Helsinki Fashion Week Goes Leather-Free After PETA Appeal

For Immediate Release:

13 August 2018

Contact:

Sascha Camilli +44 (0) 20 7923 6244; [email protected]

HELSINKI FASHION WEEK GOES LEATHER-FREE AFTER PETA APPEAL

Sustainability-Focused Fashion Week Will Be the First to Ban Leather, Starting in 2019

Helsinki – After receiving a letter from PETA, the sustainability-focused Helsinki Fashion Week has pledged to prohibit leather, starting with its July 2019 events.

In a statement that extensively cites information about the leather industry supplied by PETA, Helsinki Fashion Week founder Evelyn Mora says, “We at Helsinki Fashion Week, with the support of the Nordic Fashion Week Association, are taking an active stand against cruelty to animals and the damaging environmental impacts that the use of animal leather brings with it.”

“By banning leather, Helsinki Fashion Week will become a groundbreaking, cutting-edge presence on the fashion scene,” says PETA Director Elisa Allen. “PETA looks forward to seeing animal- and eco-friendly vegan fabrics take over Helsinki catwalks in 2019 and beyond.”

In its letter, PETA – whose motto reads, in part, that “animals are not ours to wear” – pointed out that the leather industry subjects more than 1 billion animals every year to intensive confinement, castration without pain relief, extreme crowding, and a terrifying trip to the abattoir.

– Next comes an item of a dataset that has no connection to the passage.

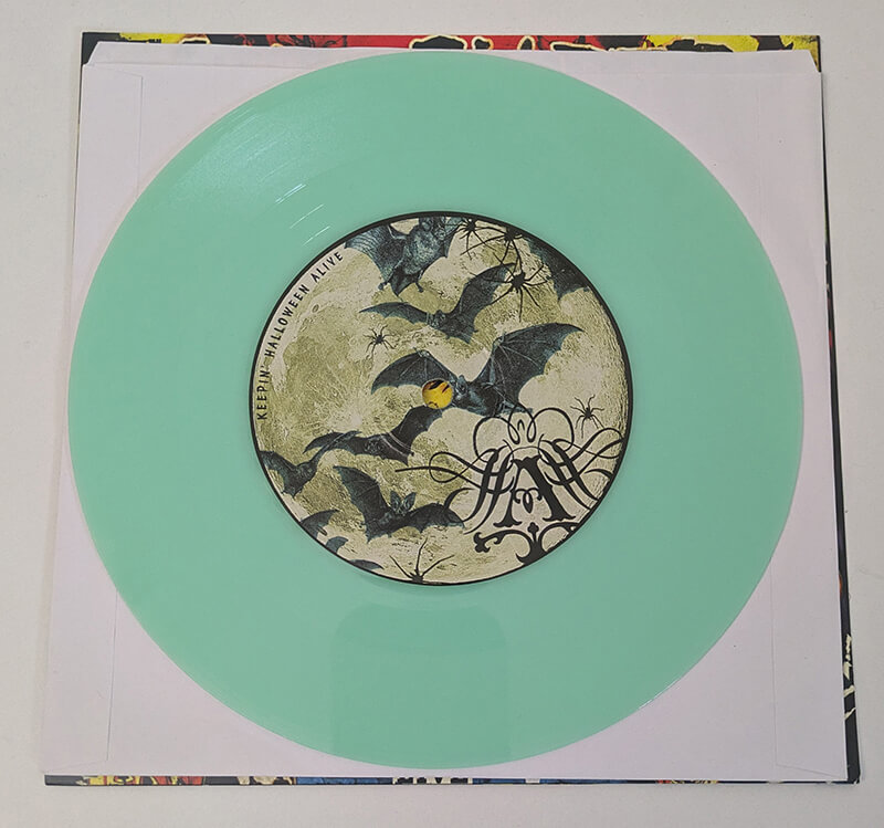 2010 7" single release of Keepin' Halloween Alive on Glow in the Dark vinyl.

Leather is a lucrative co-product of the meat industry, which is one of the world’s biggest polluters and contributors to climate change. And tanneries – which use formaldehyde, coal-tar derivatives, cyanide-based dyes, and other dangerous chemicals – are notorious for polluting nearby water and soil.

For these reasons and others, vegan leather – made from pineapple leaves, grapes, mushrooms, cork, and more – is on the rise. Top designers including Stella McCartney, Vika Gazinskaya, and Felder Felder all refuse to use animal leather in their designs, and two-thirds of millennials reportedly would pay more for sustainably made items.